天台宗総本山延暦寺がある。延暦年間、最澄がこの山に一乗止観院を建立したのがその始まりであった。
〽大比叡(おほひえ)やをひえの山も秋くれば
遠目も見えず霧のまがきに
(曾禰好忠)
2020.10.15
大津の歌枕(その1)
●粟津(あはづ) 膳所(ぜぜ)から瀬田橋付近。東国へ向かう交通の要地。
〽関越えて粟津の杜のあはずとも
清水に見えし影を忘るな
(読人不知「後撰集」)
・近江八景・粟津の晴嵐/平家物語(巻9・木曽最後の場面)
●石山 観音信仰で名高い石山寺がある。
〽都にも人や待つらん石山の
峰にのこれる秋の夜の月
(藤原長能「新古今集」)
・石山寺/近江八景・石山の秋月/紫式部・源氏物語
●打出(うちで)の浜 大津市松本・馬場(ばんば)あたりの浜の古名。
〽近江なる打出の浜のうちいでつつ
恨みやせまし人の心を
(読人不知「拾遺集」)
・常夜灯/急がば回れの矢橋の船が着くところ
●逢坂(あふさか) 現代仮名遣いでは「おうさか」となる。相坂・合坂などとも書く。
山城・近江国境の峠道。畿内の北限とされ、関が設けられていた。ここを越えれば東国であった。
〽これやこの行くも帰るも別れつつ
知るも知らぬも相坂の関
(蝉丸「後撰集」)
〽夜をこめて鳥の空音ははかるとも
よに逢坂の関はゆるさじ
(清少納言「後拾遺集」)
〽名にし負(お)はば逢坂山のさねかづら
人に知られでくるよしもがな(三条右大臣「後撰集」)
●近江(あふみ) 旧国名。

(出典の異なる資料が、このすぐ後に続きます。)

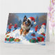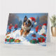 En helgdag med hjärtslitande hund i snö, som bär en julhatt och omges av färgfulla presentlådor. I bakgrunden bygger barn snögubbe bredvid ett Julgran som är täckt av snö och skapar en glatt vinter under. Perfekt för att sprida helgdag och fånga julens magi.
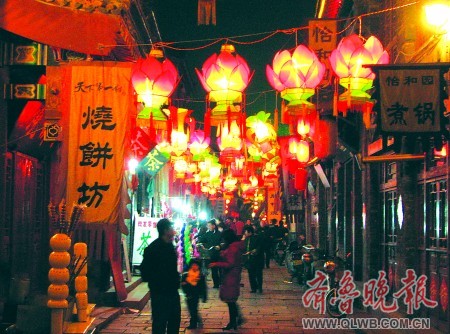 临近元宵节,周村著名的古商街数千盏花灯齐放,迎接元宵佳节。不少游客漫步其中,不由赞叹古商街的迷人新貌。

淡水湖を意味する淡海(あはうみ→あふみ)に由来。
「逢ふ」「逢ふ身」と掛詞になる。
〽けふ別れあすはあふみと思へども
夜やふけぬらん袖のつゆけき
(紀利貞「古今集」)
〽たつぷりと真水を抱きてしづもれる
昏き器を近江と言へり
(河野裕子)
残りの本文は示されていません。